TASK TO COMPLETE → Starting with the line below that holds "Indian players look" and stopping after the line that holds "Vánoční otevírací doba", transcribe the lines exactly, leaving out all pictures.

Stored data →

========================================

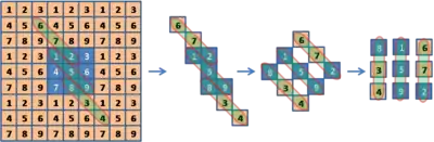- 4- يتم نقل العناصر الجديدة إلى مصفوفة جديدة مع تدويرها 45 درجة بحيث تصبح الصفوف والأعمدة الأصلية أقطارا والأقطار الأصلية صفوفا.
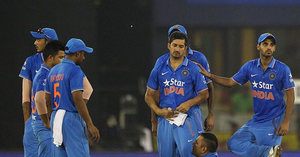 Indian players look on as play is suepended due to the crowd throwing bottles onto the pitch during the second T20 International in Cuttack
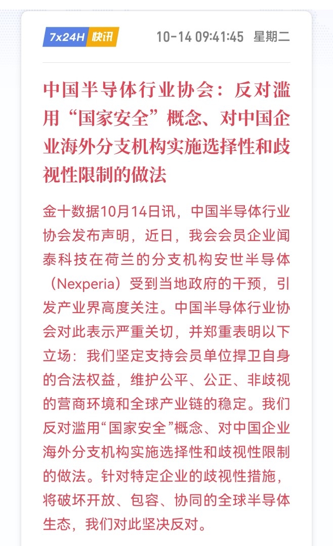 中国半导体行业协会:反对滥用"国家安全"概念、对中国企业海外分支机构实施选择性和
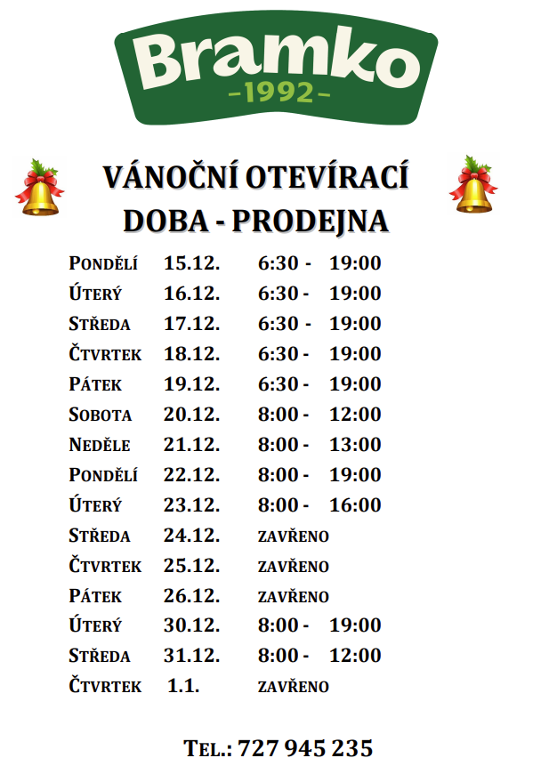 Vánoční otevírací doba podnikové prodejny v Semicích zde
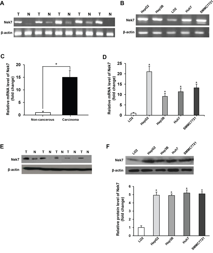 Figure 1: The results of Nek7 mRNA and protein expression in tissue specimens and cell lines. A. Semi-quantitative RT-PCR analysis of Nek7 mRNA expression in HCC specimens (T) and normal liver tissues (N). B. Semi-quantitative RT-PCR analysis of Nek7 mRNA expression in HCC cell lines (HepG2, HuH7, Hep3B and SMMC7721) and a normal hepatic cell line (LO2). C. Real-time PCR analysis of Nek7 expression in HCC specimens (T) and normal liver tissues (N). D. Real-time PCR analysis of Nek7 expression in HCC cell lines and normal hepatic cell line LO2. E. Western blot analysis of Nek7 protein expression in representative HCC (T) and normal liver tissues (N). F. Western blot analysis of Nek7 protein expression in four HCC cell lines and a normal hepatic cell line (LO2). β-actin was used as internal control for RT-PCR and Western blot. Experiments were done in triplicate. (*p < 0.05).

========================================

ANSWER SPACE →
 Indian players look on as play is suepended due to the crowd throwing bottles onto the pitch during the second T20 International in Cuttack
 中国半导体行业协会:反对滥用"国家安全"概念、对中国企业海外分支机构实施选择性和
 Vánoční otevírací doba podnikové prodejny v Semicích zde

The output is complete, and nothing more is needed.